Haplotypes were inferred using PHASE (version 2.1) (Stephens et al. 2001; Stephens and Scheet 2005). Linkage disequilibrium (LD) analyses were performed using Haploview (v. 4.1) (Barrett et al. 2005), and blocks were identified through the confidence interval algorithm implemented in the software (Gabriel et al. 2002). Data for LD analysis were derived from resequencing data. Median-joining network to infer haplotype genealogy was constructed using NETWORK 4.6.1 (Bandelt et al. 1999). Estimate of the time to the most recent common ancestor (TMRCA) was obtained using an ML coalescent method implemented in GENETREE (Griffiths and Tavare 1994, 1995). The method assumes an infinite-site model without recombination; therefore, haplotypes and sites that violate these assumptions need to be removed: In the case of IFI16, we eliminated 1 variant. The mutation rate μ was obtained on the basis of the divergence between human and chimpanzee and under the assumption both that the species separation occurred 6 Ma (Glazko and Nei 2003) and of a generation time of 25 years. Using this μ and θ ML (θML), we estimated the effective population size parameter (Ne), which resulted equal to 18,000. With these assumptions, the coalescence time, scaled in 2Ne units, was converted into years. For the coalescence process, 106 simulations were performed. A second TMRCA estimate was obtained by application of a method (Evans et al. 2005) that calculates the average pairwise difference between all chromosomes and the MRCA: This value was converted into years on the basis of mutation rate retrieved as above. The standard deviation (SD) for this estimate was calculated as described previously (Thomson et al. 2000). Using this method, the TMRCA was calculated for the IFI16-5 kb region and for 5-kb windows from NIEHS genes (one window/gene). In particular, windows were randomly selected with the only requirement that they did not contain any resequencing gap. After discarding X-linked loci, and windows containing no SNPs, 200 windows were used for TMRCA calculation.

Results

IFI16 and AIM2 Evolved Adaptively in Primates

To analyze the evolutionary history of ALR genes (IFI16, AIM2, MNDA, and PYHIN1) in primates, we obtained coding sequence information for 16 species from public databases or by sequencing (see Materials and Methods). In humans, the IFI16 gene carries a polymorphic segmental duplication of exon 7, with the sequence of the two exons being identical (see later). We applied a PCR-based approach to determine the status of the exon 7 segmental duplication in different nonhuman primates, namely eight chimpanzees, one gorilla, and one orangutan. Results indicated the presence of the duplicated exon in gorilla and orangutan, whereas all chimpanzee samples carried a single copy of exon 7. Sequencing of the IFI16 mRNA in M. fascicularis and C. aethiops also showed the presence of a single copy of exon 7. Thus, the nonduplicated gene sequence was used for multiple species alignment.
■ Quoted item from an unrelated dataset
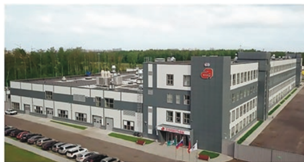
Рис. 9. Главное здание «АО ИЦ «Буревестник».

We calculated the average nonsynonymous substitution/synonymous substitution rate (dN/dS, also referred to as ω) for the four ALR genes using the single-likelihood ancestor counting (SLAC) method (Kosakovsky Pond and Frost 2005). This analysis indicated that IFI16 might evolve under positive selection, as the average dN/dS was higher than 1, whereas AIM2, MNDA, and PHYIN1 showed dN/dS values < 1 (supplementary table S3, Supplementary Material online), suggesting a role for purifying selection.

Nonetheless, positive selection might act on a few sites within a gene, which is elsewhere selectively constrained. To test this possibility, and to gain further insight into the evolutionary history of IFI16, we applied ML analyses implemented in the PAML package (Yang 1997, 2007). Because recombination might yield false-positive results when testing for selection (Anisimova et al. 2003), we first screened the alignments for evidence of recombination using GARD (Kosakovsky Pond et al. 2006); this analysis underscored no recombination breakpoint in any alignment. Thus, we used the codeml program to compare models of gene evolution that allow (NSsite models M2a and M8) or disallow (NSsite models M1a and M7) a class of codons to evolve with dN/dS > 1. For IFI16 and AIM2, the two neutral models were rejected in favor of the positive selection models; this result was confirmed using different codon frequency models (F61 and F3x4) (table 1).

Table 1.

LRT Statistics for Models of Variable Selective Pressure among Sites (F3X4 and F61 Models of Codon Frequency)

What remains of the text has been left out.